On Oct 16, 2009, at 2:51 PM, nathan binkert wrote:

>> I'm sure Tim knows best wherher he's implemented POWER or PowerPC...
>> If it is the latter, I'd favor using PPC for naming just to keep
>> things brief.
>
> I'm not totally familiar with the naming, but isn't POWER the superset
> of it all?  I guess the real question is, if tim really did just ppc
> and someone were going to actually do power, would they do it in the
> same directory or not.  If it is the same, then power seems the right
> name.  If not, probably ppc.

The POWER and PowerPC ISAs used to be slightly different, with neither  
being a true superset of the other: While PowerPC was based on POWER  
(the architecture of the initial IBM RS/6000 machines), it included  
some additional features and instructions and removed others; also,  
there were some subsequent extensions to POWER that never made it into  
PowerPC. Older versions of the PowerPC ISA actually used to have an  
appendix detailing the differences, but that seems to have been  
removed from the current one. It should be noted, however, that POWER3  
(the processor) and up actually implement the 64-bit PowerPC ISA (with  
IBM's proprietary PowerPC AS extensions), so POWER (the ISA) is really  
only of historical interest by now.

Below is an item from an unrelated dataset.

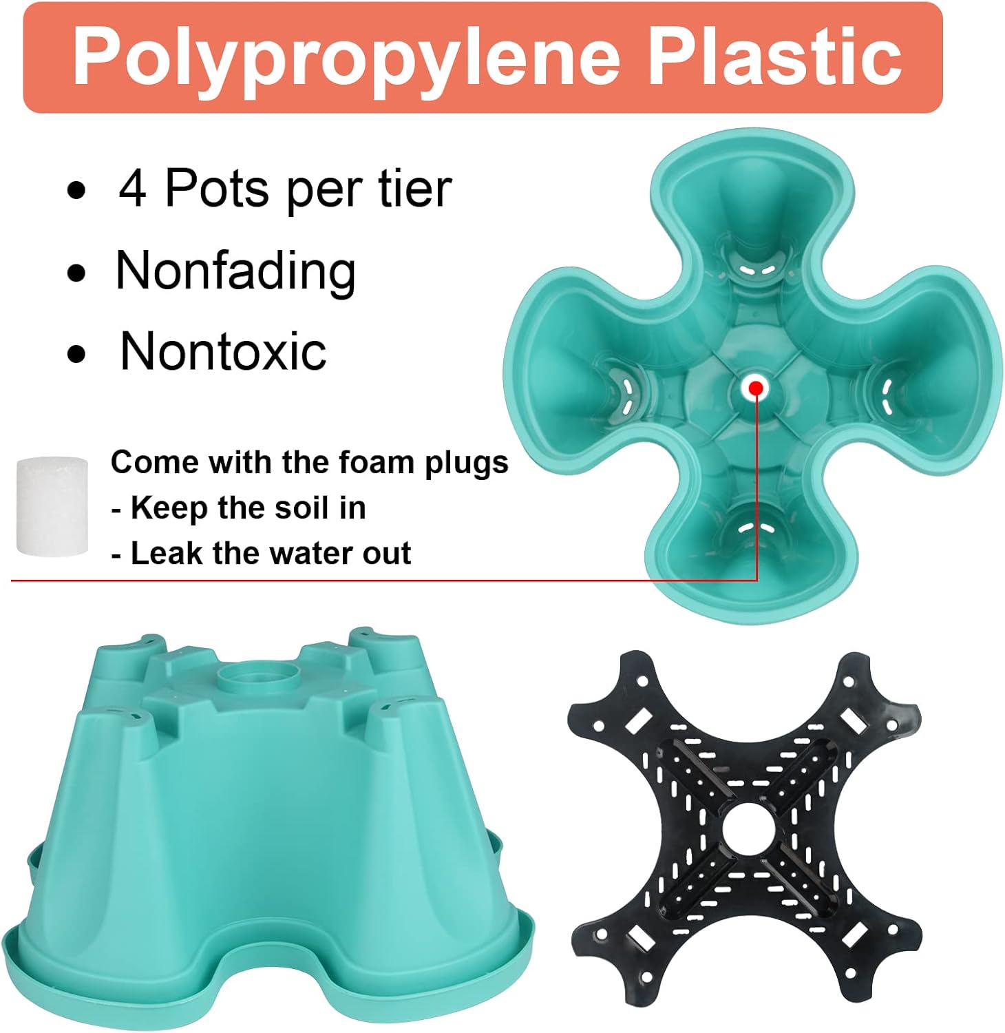 DUNCHATY Stackable Planter, Vertical Garden Planter with Wheels and Tools, Self Watering Strawberry Planter Indoor/Outdoor 4 Tier Herb Planter Pots for Growing Vegetables and Succulents, Teal

To further add to the confusion,  
the PowerPC 2.02 ISA was recently (2006) merged with the "Book E"  
embedded variant of the architecture developed by Freescale to form  
what is now (as of version 2.03 and up) officially known as the "Power  
ISA" (note capitalization), with -S and -E variants for servers and  
the embedded space, respectively.

In short, "power" would indeed be the more appropriate name.